## TASK INPUTS
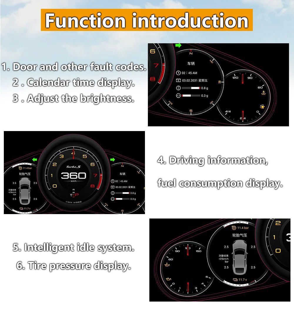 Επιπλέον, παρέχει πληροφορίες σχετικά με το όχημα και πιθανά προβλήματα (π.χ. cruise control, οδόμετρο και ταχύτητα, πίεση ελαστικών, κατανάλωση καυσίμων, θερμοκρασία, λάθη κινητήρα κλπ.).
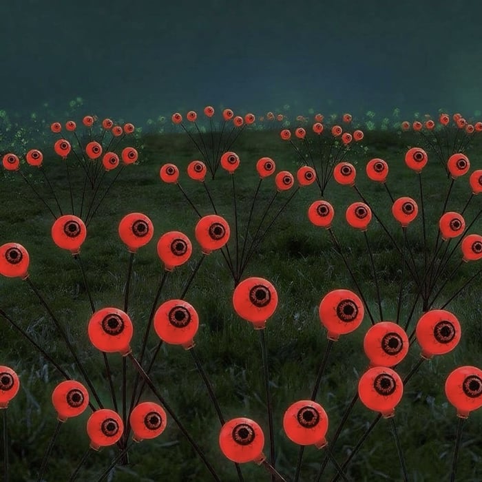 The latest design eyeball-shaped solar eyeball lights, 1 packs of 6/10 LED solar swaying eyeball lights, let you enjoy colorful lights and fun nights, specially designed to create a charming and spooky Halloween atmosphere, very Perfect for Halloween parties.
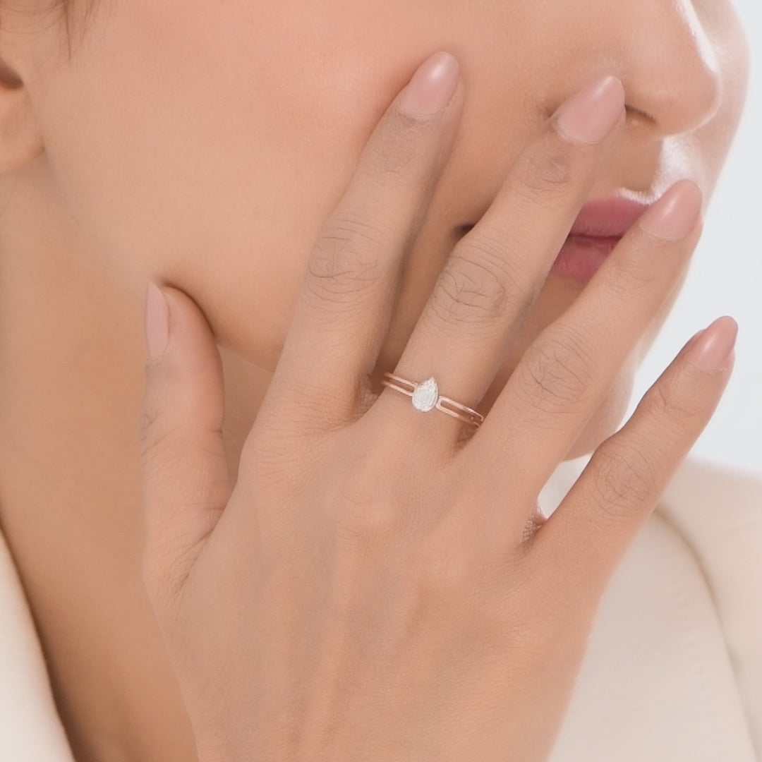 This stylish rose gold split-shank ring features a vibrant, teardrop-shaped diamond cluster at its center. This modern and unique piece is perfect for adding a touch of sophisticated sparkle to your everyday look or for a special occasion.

* * *

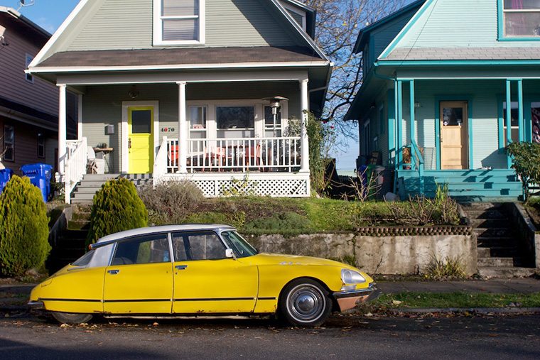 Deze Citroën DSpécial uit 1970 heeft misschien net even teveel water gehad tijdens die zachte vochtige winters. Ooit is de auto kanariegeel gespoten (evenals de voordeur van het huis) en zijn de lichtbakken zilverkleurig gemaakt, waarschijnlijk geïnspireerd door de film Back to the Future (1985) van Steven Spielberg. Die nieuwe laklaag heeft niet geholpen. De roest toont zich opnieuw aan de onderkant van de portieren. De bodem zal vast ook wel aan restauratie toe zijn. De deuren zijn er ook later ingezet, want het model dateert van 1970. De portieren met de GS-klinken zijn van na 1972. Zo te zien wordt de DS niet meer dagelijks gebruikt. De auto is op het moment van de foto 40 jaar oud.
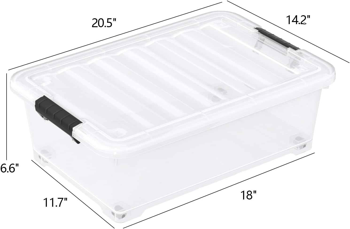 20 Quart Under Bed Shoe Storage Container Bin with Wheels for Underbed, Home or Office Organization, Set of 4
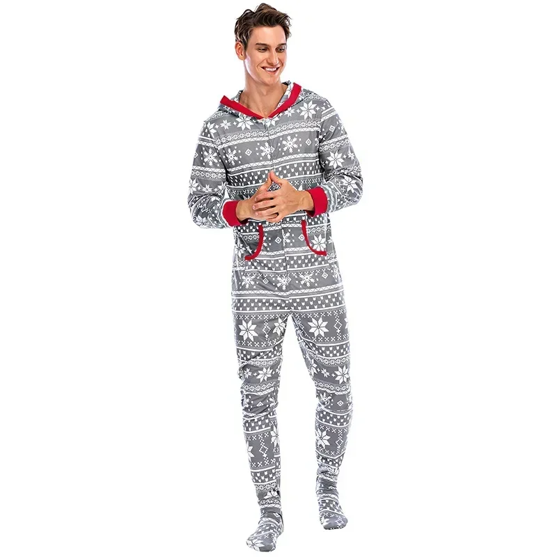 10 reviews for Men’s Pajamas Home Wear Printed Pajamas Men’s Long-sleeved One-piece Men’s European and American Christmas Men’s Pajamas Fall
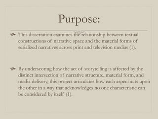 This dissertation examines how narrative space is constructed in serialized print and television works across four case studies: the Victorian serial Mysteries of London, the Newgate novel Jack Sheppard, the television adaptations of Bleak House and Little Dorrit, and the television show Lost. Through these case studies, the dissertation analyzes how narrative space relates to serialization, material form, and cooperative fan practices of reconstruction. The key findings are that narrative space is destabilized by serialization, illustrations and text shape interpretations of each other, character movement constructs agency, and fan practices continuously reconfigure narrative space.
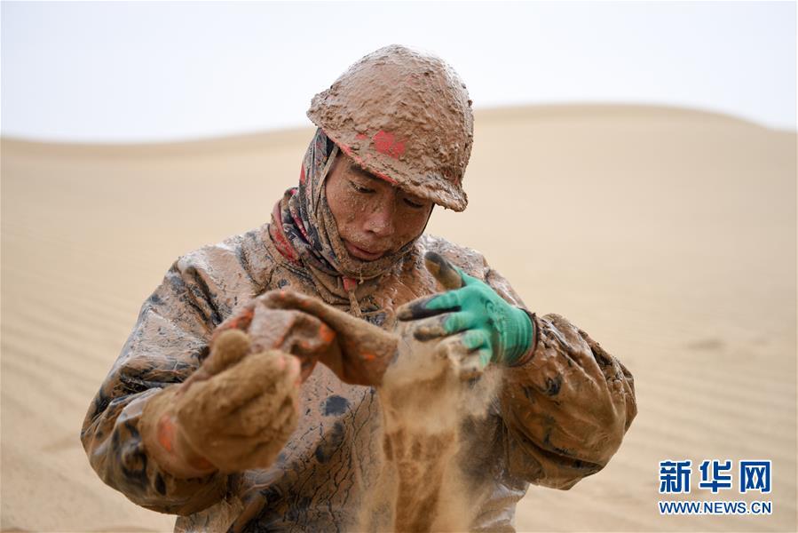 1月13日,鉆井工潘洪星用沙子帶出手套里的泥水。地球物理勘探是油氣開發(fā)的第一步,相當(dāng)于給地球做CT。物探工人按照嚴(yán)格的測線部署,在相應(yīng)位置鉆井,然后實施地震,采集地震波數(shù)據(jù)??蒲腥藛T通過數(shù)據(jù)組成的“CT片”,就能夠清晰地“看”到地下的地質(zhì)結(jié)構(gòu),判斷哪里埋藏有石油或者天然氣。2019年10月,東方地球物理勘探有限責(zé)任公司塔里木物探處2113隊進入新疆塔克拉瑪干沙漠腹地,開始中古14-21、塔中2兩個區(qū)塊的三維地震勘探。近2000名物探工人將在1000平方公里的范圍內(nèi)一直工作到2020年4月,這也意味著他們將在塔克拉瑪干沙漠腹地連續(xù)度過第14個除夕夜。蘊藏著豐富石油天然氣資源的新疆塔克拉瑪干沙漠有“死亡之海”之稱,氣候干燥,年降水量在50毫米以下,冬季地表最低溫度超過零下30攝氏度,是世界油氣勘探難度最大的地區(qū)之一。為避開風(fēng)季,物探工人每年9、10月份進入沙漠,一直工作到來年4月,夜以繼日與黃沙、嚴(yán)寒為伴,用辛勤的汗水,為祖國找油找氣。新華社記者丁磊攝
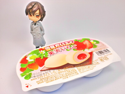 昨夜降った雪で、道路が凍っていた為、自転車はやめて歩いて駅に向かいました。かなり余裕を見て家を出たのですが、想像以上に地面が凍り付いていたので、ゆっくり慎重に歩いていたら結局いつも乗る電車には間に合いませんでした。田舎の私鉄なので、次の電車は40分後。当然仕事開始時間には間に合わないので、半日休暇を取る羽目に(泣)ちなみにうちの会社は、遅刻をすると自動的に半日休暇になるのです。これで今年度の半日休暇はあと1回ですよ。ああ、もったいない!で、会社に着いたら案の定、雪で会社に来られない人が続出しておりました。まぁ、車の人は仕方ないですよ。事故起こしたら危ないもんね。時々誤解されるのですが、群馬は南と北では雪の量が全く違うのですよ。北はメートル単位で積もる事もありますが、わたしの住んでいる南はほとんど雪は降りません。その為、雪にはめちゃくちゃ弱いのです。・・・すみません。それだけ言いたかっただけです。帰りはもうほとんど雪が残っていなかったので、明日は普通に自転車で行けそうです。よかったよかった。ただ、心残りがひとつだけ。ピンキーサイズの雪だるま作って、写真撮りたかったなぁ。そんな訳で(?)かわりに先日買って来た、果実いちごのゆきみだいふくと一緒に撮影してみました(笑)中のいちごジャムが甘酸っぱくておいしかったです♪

## EXERCISE
Your answer should be the lines above, word for word, from the line with "Επιπλέον, παρέχει πληροφορίες" through the line with "The latest design", minus the pictures.

## ANSWER
 Επιπλέον, παρέχει πληροφορίες σχετικά με το όχημα και πιθανά προβλήματα (π.χ. cruise control, οδόμετρο και ταχύτητα, πίεση ελαστικών, κατανάλωση καυσίμων, θερμοκρασία, λάθη κινητήρα κλπ.).
 The latest design eyeball-shaped solar eyeball lights, 1 packs of 6/10 LED solar swaying eyeball lights, let you enjoy colorful lights and fun nights, specially designed to create a charming and spooky Halloween atmosphere, very Perfect for Halloween parties.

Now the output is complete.